Bishop Michael Sheridan of Colorado Springs spoke with Daniel Cole of his local paper and added to the list of positions that will get your barred from communion, at least in his diocese. He started out by reiterating that support for abortion rights and same-sex marriage are automatic disqualifiers for Catholic pols, maybe even voters:
Bishop Sheridan: Its clear to me that the Code of Canon Law, Canon 915, says that a Catholic politician who publicly espouses positions that are contrary, not just to any teachings of the Church, but to serious moral teachings, should not receive Holy Communion until they recant those positions publicly. Voters needs a little bit more nuance, because there the question is, are we voting for those politicians precisely because of their positions on those non-negotiable issues? Here is what I would say: It would be very difficult for me to understand how, if there are two candidates quite far apart in their positions on these matters, I could vote for the one who consistently opposes these Church teachings, simply because he might be in favor of a few good things.DC: Would support for the contraceptives mandate also disqualify Catholic politicians from receiving Communion? Is that a new non-negotiable?Sheridan: I think we do need to add to that list (of non-negotiables) religious liberty. Absolutely, yes.
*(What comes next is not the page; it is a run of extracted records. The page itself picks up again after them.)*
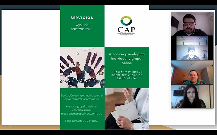 Finalmente, el área de Psicología elaboró talleres online divididos en grupos según edad: niños(as), adolescentes y familia, con el objetivo de generar un espacio de apoyo que favorezca la salud mental en cada uno de los grupos mencionados. Cabe destacar que en esta labor se sumaron alumnas de último año de carrera, quienes cursan su práctica profesional en el área clínica, asociadas al Centro de Atención Profesional (CAP) de UST Viña del Mar.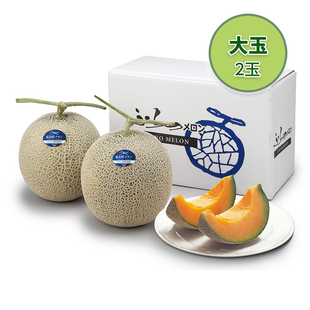 富良野メロン 大玉 2玉【送料込み】【二重包装不可】【お届け日指定不可】【お届け不可地域:沖縄・離島】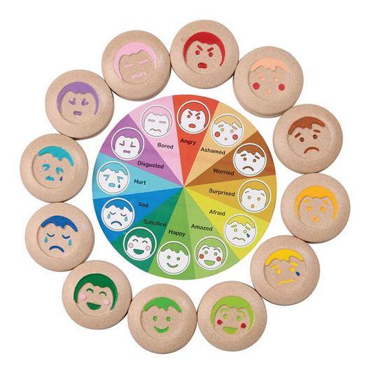 The set consists of 24 wooden tiles with 12 different emotions. Children can learn how to match two identical emotions with this fun memory game! Skills include learning about the relationship of colors and emotions. Emotion Color Wheel can help visually group feeling and practice emotion vocabulary. Help your child understand the importance of expressing feelings and emotions in a healthy way. Includes 24 wooden tiles with 12 different emotions for matching and categorizing. Encourages development of emotional intelligence and supports communication skills through play. Sustainably made in Thailand using chemical-free rubberwood, formaldehyde-free glue, organic pigments and water-based dyes.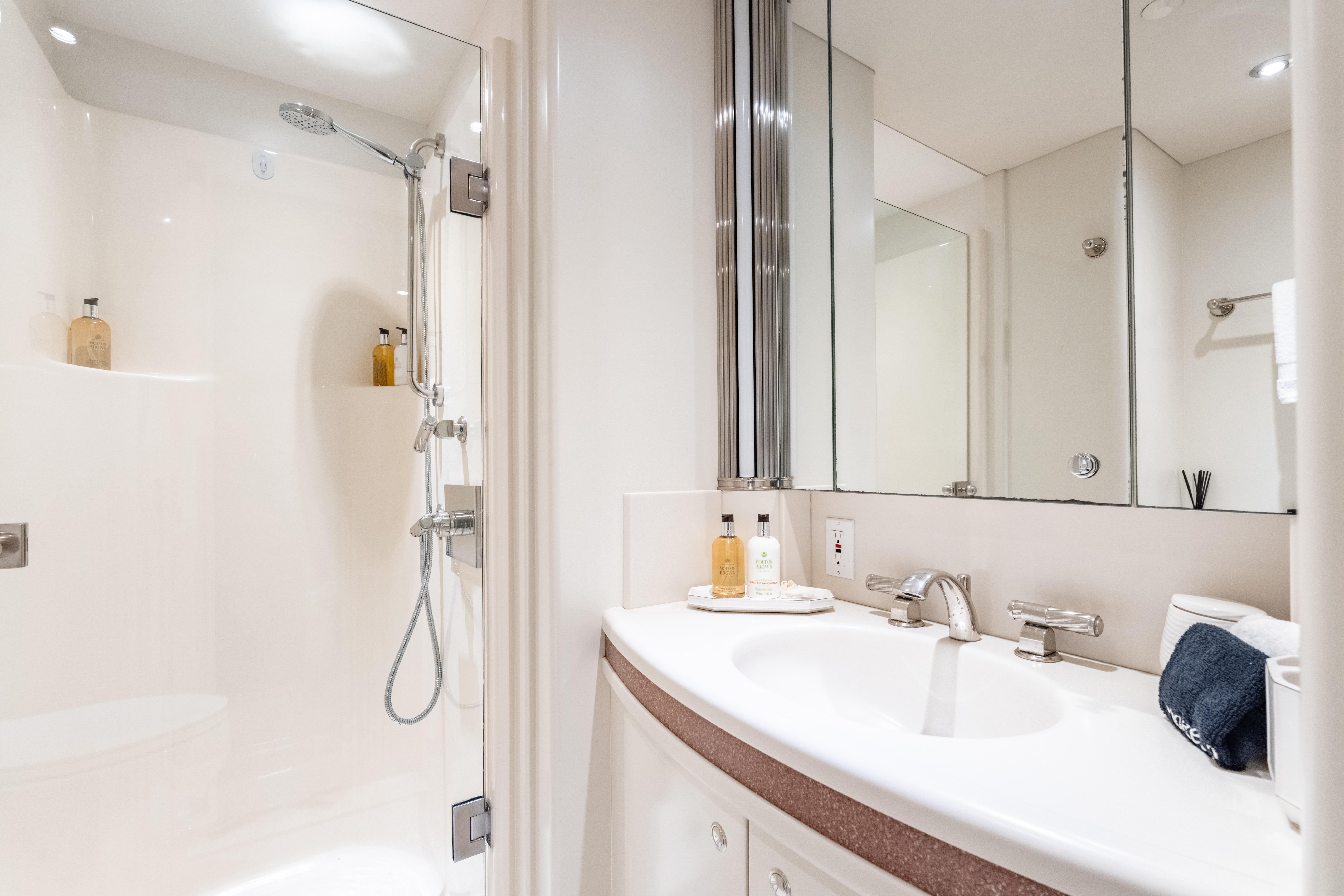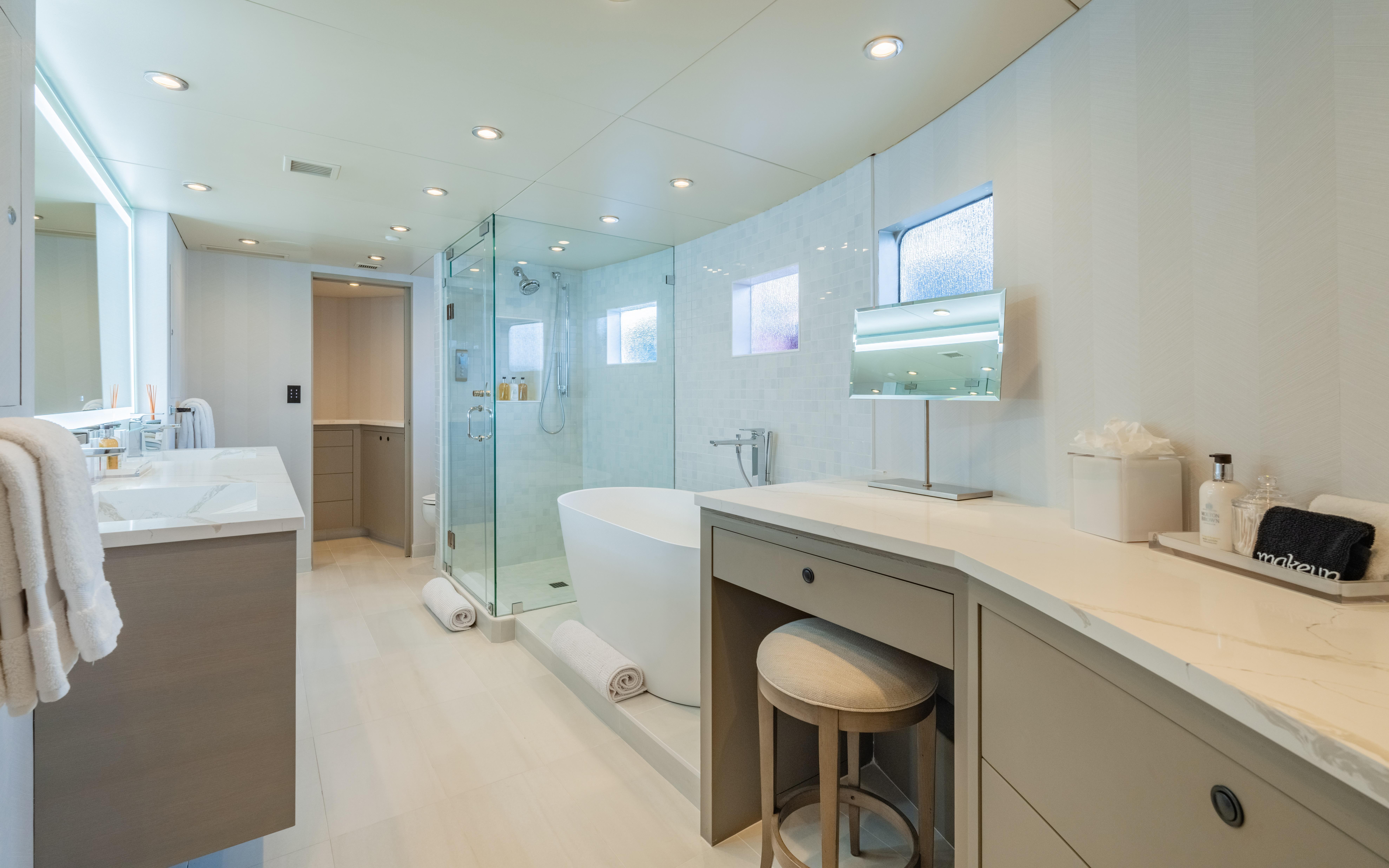 • Large on deck full beam master suite with his and hers ensuite and full-size soaking tub. Additional bonus cabin on main deck perfectly suited for caregiver or children.
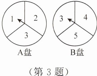 3. 甲、乙两人用如图所示的两个转盘(每个转盘被分成面积相等的 3 个扇形)做游戏。游戏规则:转动两个转盘各一次,当转盘停止后,指针所在区域的数字之和为偶数时甲获胜;数字之和为奇数时乙获胜。若指针落在分界线上,则需要重新转动转盘。甲获胜的概率是( )。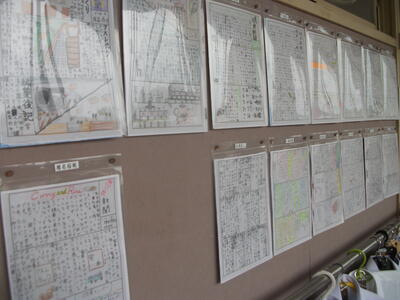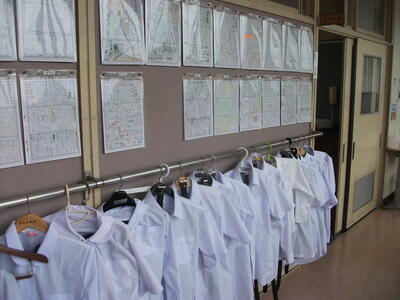 1年生の廊下の様子です。先日、作成していた「校外学習新聞」が完成し、廊下に掲示してありました。どの子ども達も、丁寧に、カラフルに仕上がっており、感心しました。また、掲示物の下に掛けてある制服も、きれいに揃っていて気持ちが良いです。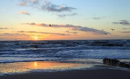 Keywords: sunset afterglow evening sky abendstimmung water clouds beach back light sun sea nature sky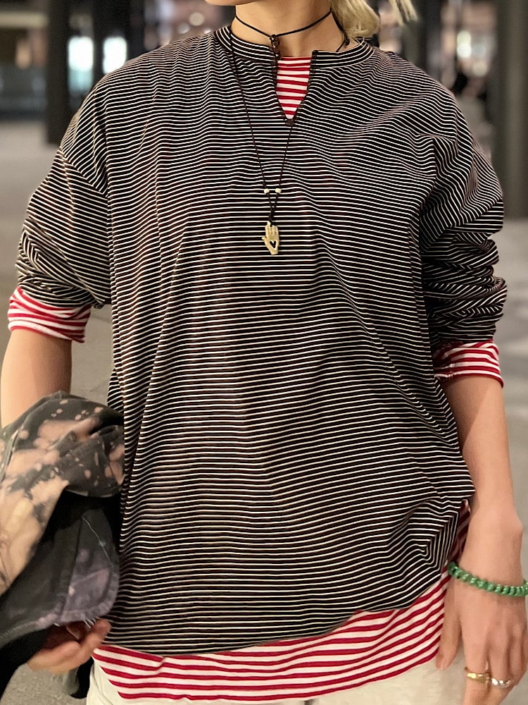 ・着こなしポイント : 首元のVがポイントなので中のインナーで様々な表情をだすことが出来ます。今回はボーダーをプラスしてみました。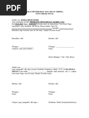 Contoh Surat Penting Contoh Nota Serah Tugas Perlu Diisi Untuk Guru Yang Berpindah Keluar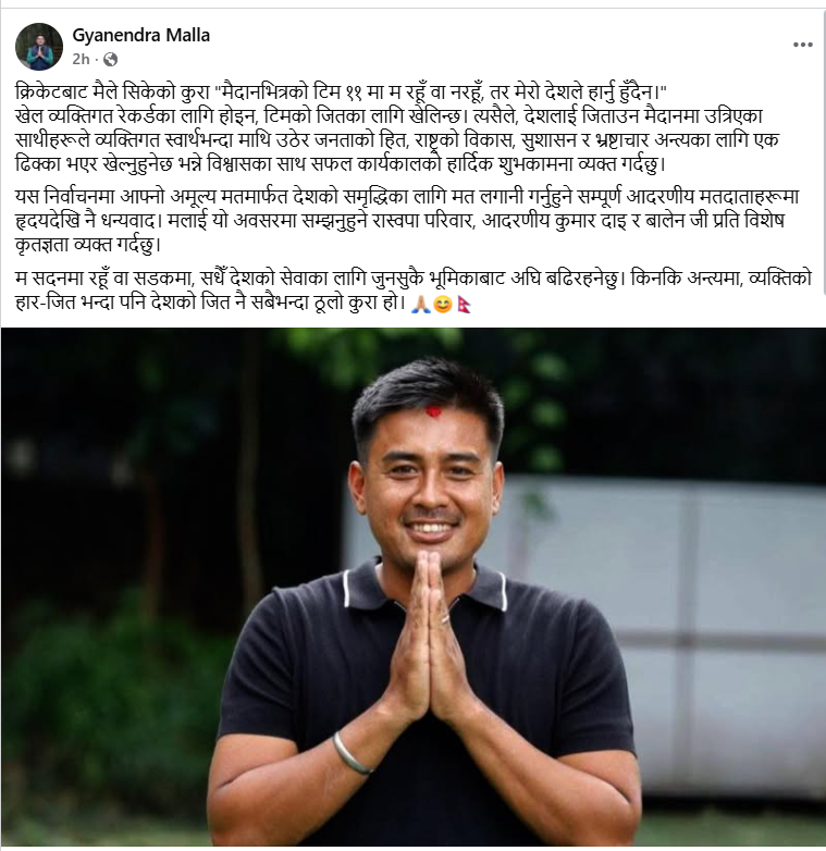 राष्ट्रिय टोलीको कप्तान भइसकेका मल्लले समानुपातिकतर्फ रास्वपाको बन्द सूचीबाट सांसद बनेकाहरूलाई बधाई दिँदै लेखेका छन्, ‘म सदनमा रहुँ वा सडकमा, सधैँ देशको सेवाका लागि जुनसुकै भूमिकाबाट अघि बढिरहनेछु । किनकि अन्त्यमा, व्यक्तिको हार-जितभन्दा पनि देशको जित नै सबैभन्दा ठूलो कुरा हो ।’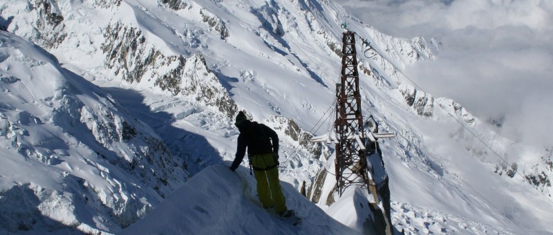 The guys had arrived 5-10 mins in front of me and I knew they would be getting cold quickly. All of a sudden I was hit with a wave of nausea, my mouth went dry and I was unable to swallow the bite of energy bar I had in it. My mind was racing, is the bug I had earlier in the week making a comeback or did we just go too fast? Dropping into such a committing line was going to have a much higher work load on my body than the easy skin to the summit and I’d recently been on Mont Blanc twice and was well acclimatised. Maybe something I ate wasn’t agreeing with me…it was an impossible question to answer but I did know opportunities like this seldom happen in a lifetime and being optimistic I figured we would lose some altitude quickly and that might make all the difference. Hey ho lets go! The clock was ticking with an afternoon storm forecast so we quickly stripped skins, put on all our clothes and skied over to Mont Blanc de Courmayeur.
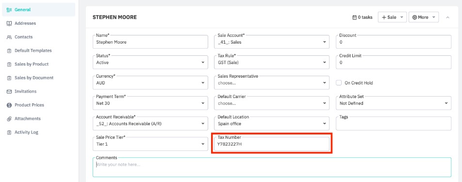 In the Cin7 Core web portal, you will need to go to the General tab of a customer's record (Sales → Customers and credits → [select customer]) to enter or edit their tax number.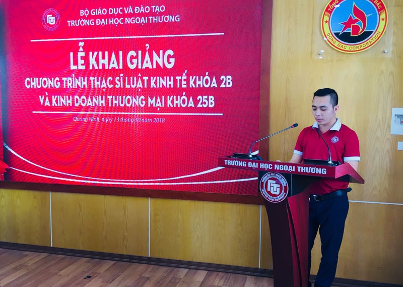Vừa qua, Trường Đại học Ngoại thương cơ sở Quảng Ninh tổ chức khai giảng chương trình thạc sỹ Luật kinh tế 2B và Kinh doanh thương mại 25B.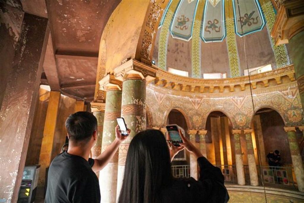 L’installation "Aurore" mélange la lumière, la couleur et les matériaux de construction écologiques de Viglacera pour créer une expérience artistique captivante.

I think a Catholic politician who publicly and consistently defends the mandate, which causes people to violate their conscience yes, I think thats right up there with the rest of them.DC: If Vice President Joe Biden, who is Catholic, were to swing through Colorado Springs on a campaign tour and attend your Mass, would you deny him Communion?Sheridan: He should know, and I would do everything I could do to make sure that he knows, he ought not to be receiving Communion.
Everything else -- care of the poor, immigration, the death penalty, etc -- is a matter of prudential judgment, he says.